Exercise brief :: Below this line are records; write out exactly the lines from the one containing "[その他のサイズ]を押し、表示された一覧から用紙サイズを選択します。" through the one containing "这是一种介电常数趋近于零的特", with the pictures left out.

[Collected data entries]

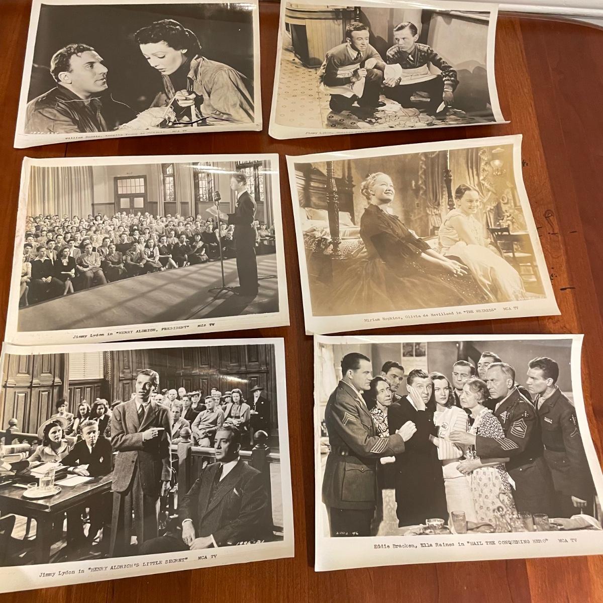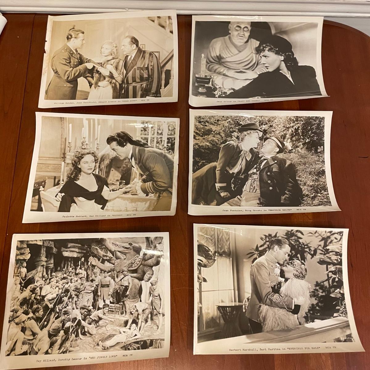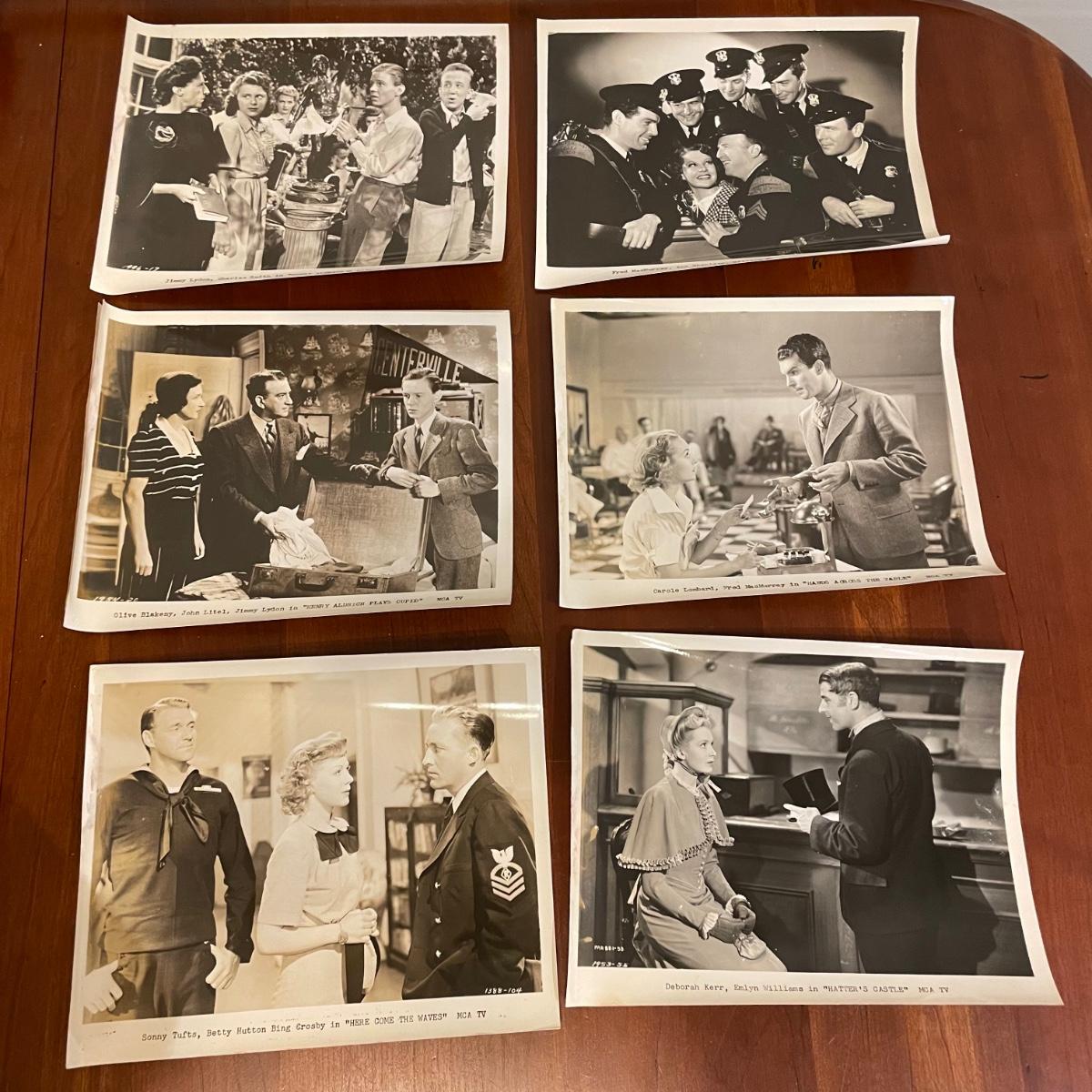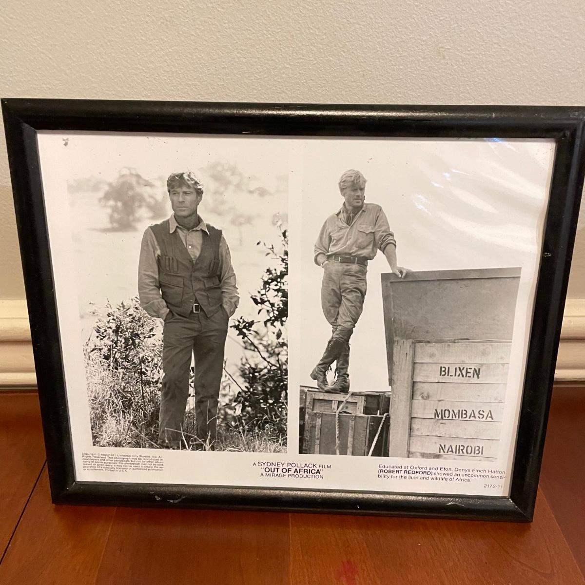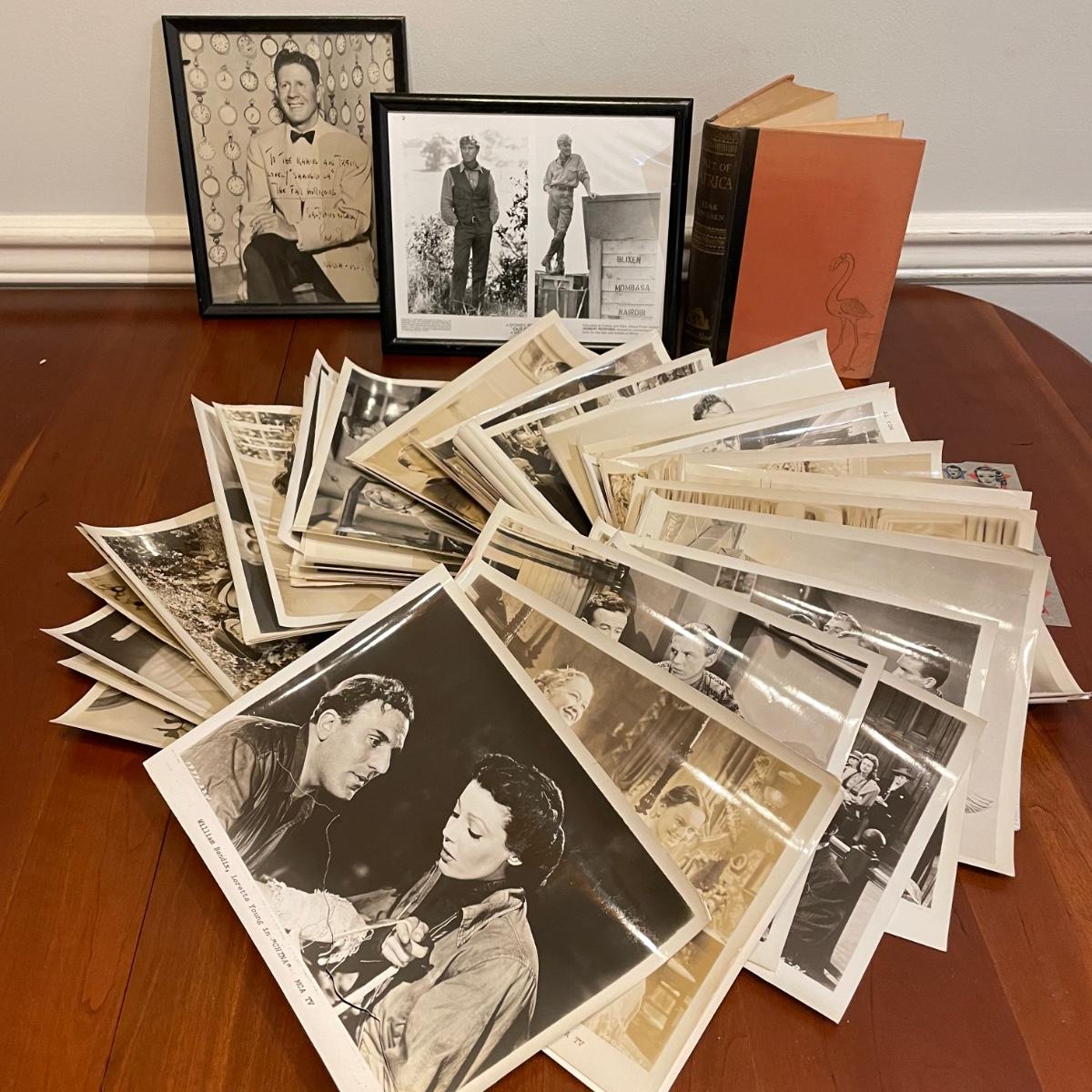 Over sixty photos of classic scenes from classic movies the are promo prints from MCA TV. There is also a first edition of Out of Africa alongside a panel-less framed photo of Robert Redford and colored picture book. Two more joys in the lot are a waxy paper advertisement and a signed & framed photograph of Rudy Vallee. Pictures measure 8” x 10“. See images. Shipping available.
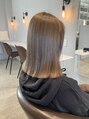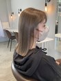 ツヤ感たっぷりのミルクティーベージュで柔らかな印象に。ストレートでも巻いても可愛い、万能ロブ スタイルです。
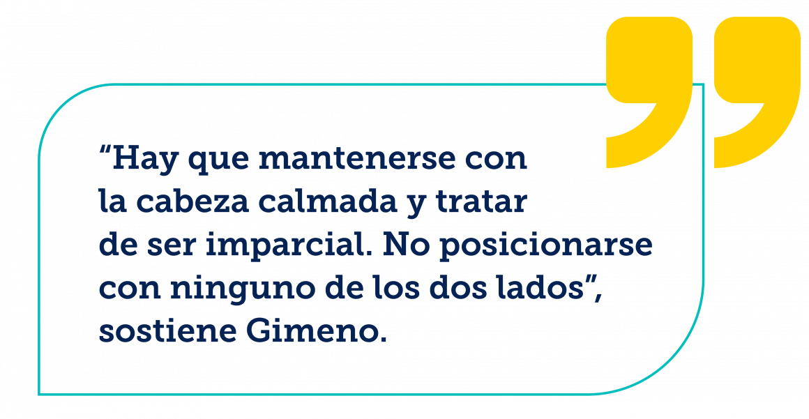 En un contexto como este, la responsabilidad del periodista y, en especial, del corresponsal es prioritaria: “Hay que mantenerse con la cabeza calmada y tratar de ser imparcial. En el caso de las elecciones, no posicionarse con ninguno de los dos lados”, propone Gimeno.
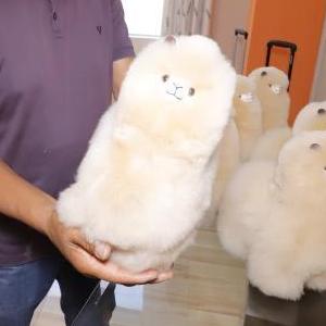 11月7日,馬馬尼大叔在上海進(jìn)博會(huì )“溫暖駝”品牌展臺展示羊駝玩偶。
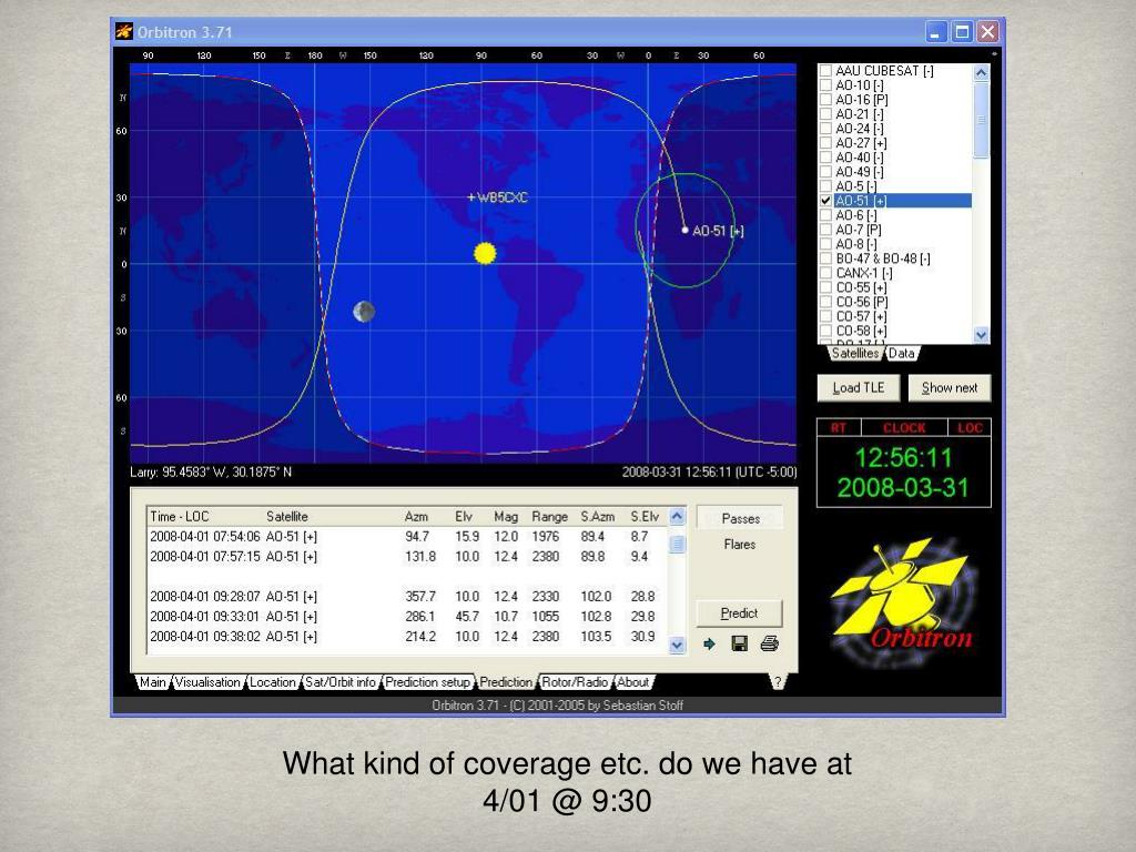 What kind of coverage etc. do we have at 4/01 @ 9:30
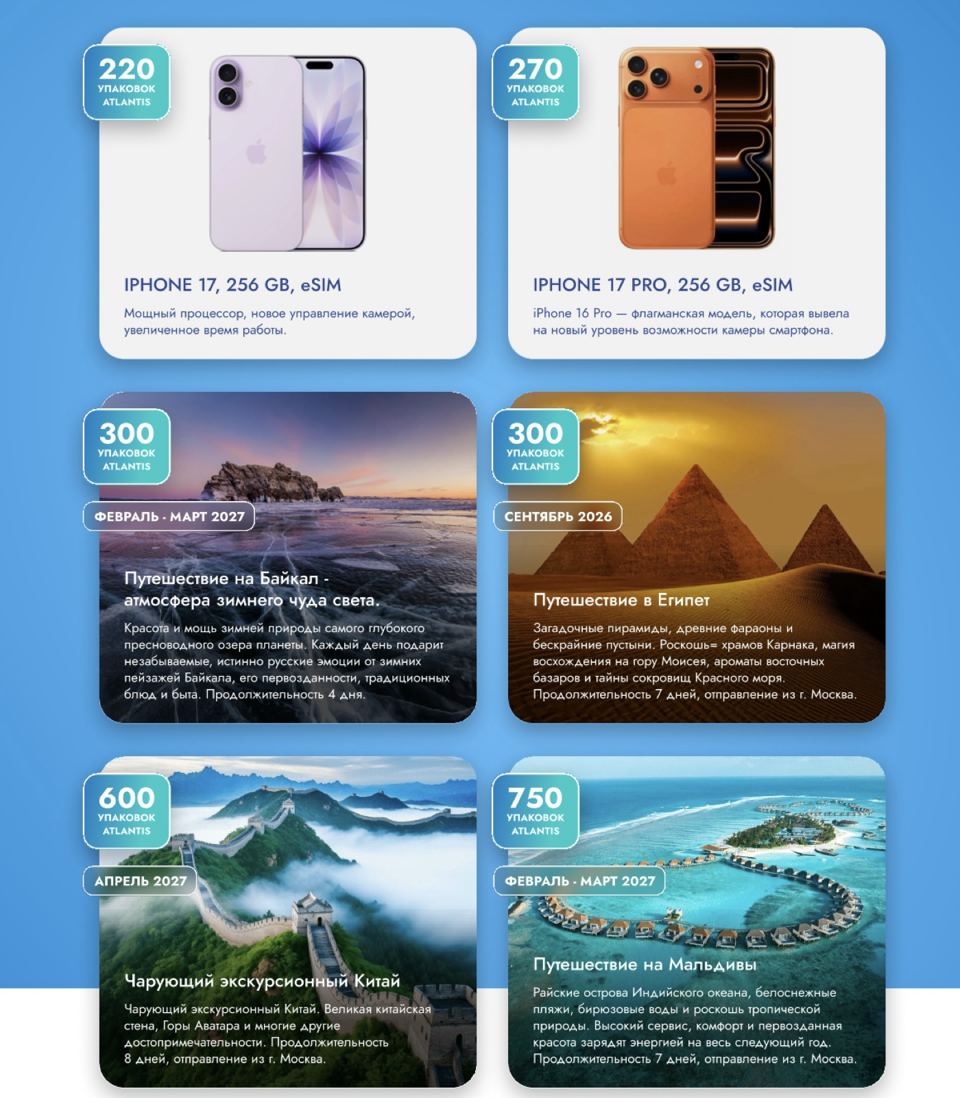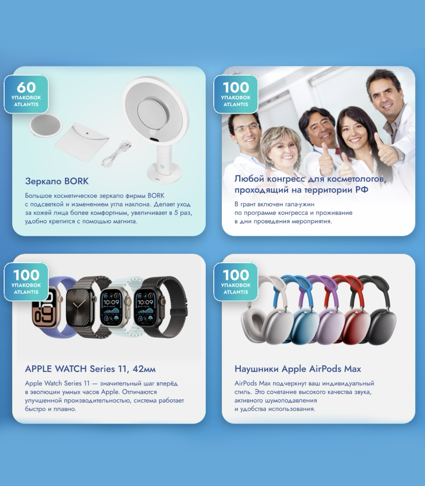Представляем вашему вниманию гранты от компании ATLANTIS на 2026 год. Под закупку препаратов бренда Вы можете получить Iphone, билет на любой конгресс, проходящий на территории РФ, путешествие и многое другое.
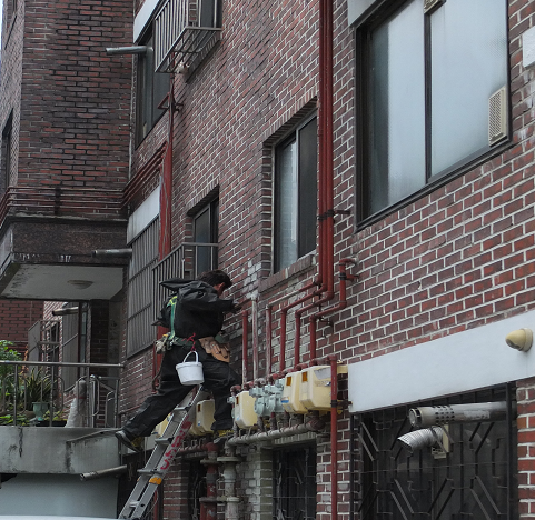 | ▲ 서울 강동구 천호 3동 일대 건물 외벽 가스배관과 창문틀에 특수 형광물질을 도포하고 있는 모습. <사진제공=강동구청> |
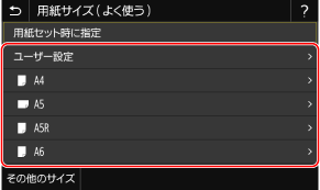[その他のサイズ]を押し、表示された一覧から用紙サイズを選択します。
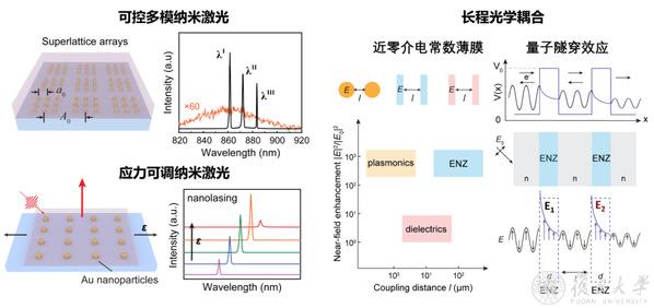 这是一种介电常数趋近于零的特殊材料,王丹青发现,光在其中波长被拉伸,相位变得均匀,能产生极强的近场增强效应。近零介电常数薄膜之间可以产生长程光学耦合,振荡行为类比于量子隧穿效应。这项发现为发展新型量子模拟平台提供了全新思路,相关成果也于Nature Communications上发表。巧合的是,虽然基于不同材料体系,这和她之前光学超晶格的工作在长程光学作用机理上有着异曲同工之处。
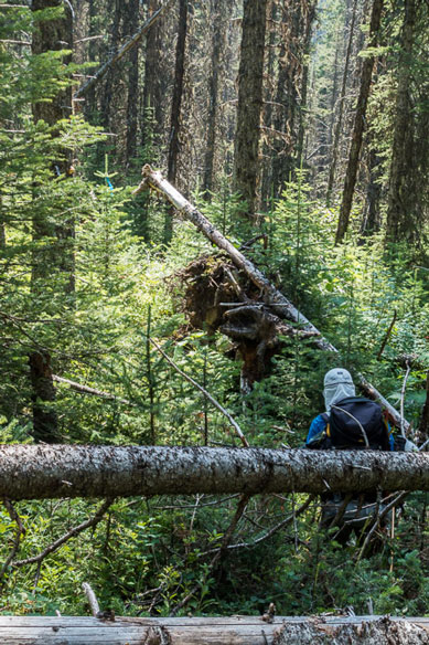 From here on the fun parts were over and I was not looking forward to the lengthy return. Hiking down the moraine back to camp was already tiring and hard on my knees… From camp downwards, the trail was extremely difficult to follow. The key was looking for flags. If you don’t see flags for 2 minutes you’re likely off route. There’re many paths leading the wrong way and some are even bigger than the correct trail. I think many climbers had struggled here just like us. We had to constantly check the GPS to make sure we were not off route. Descending the steep headwall was exceptionally miserable given the heat and the fact I was wearing full shank mountaineering boots… The hike out via Fynn Creek was even worse as we had to constantly backtrack or regain elevation due to washouts, hop over endless deadfalls and bushwhack through brushes. This is one of the parts I’d rather have rain than full on sunshine with 30 degree temperature. And towards the end we had to negotiate the last obstacle – arguably the crux of the trip – shaffling across the log…
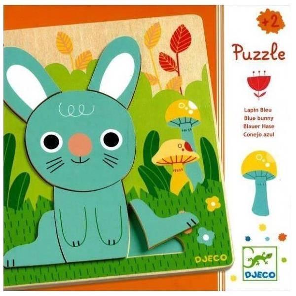 Drewniane puzzle 6 elementów, z których dziecko ma ułożyć postać królika.

Output of the task ::
[その他のサイズ]を押し、表示された一覧から用紙サイズを選択します。
 这是一种介电常数趋近于零的特殊材料,王丹青发现,光在其中波长被拉伸,相位变得均匀,能产生极强的近场增强效应。近零介电常数薄膜之间可以产生长程光学耦合,振荡行为类比于量子隧穿效应。这项发现为发展新型量子模拟平台提供了全新思路,相关成果也于Nature Communications上发表。巧合的是,虽然基于不同材料体系,这和她之前光学超晶格的工作在长程光学作用机理上有着异曲同工之处。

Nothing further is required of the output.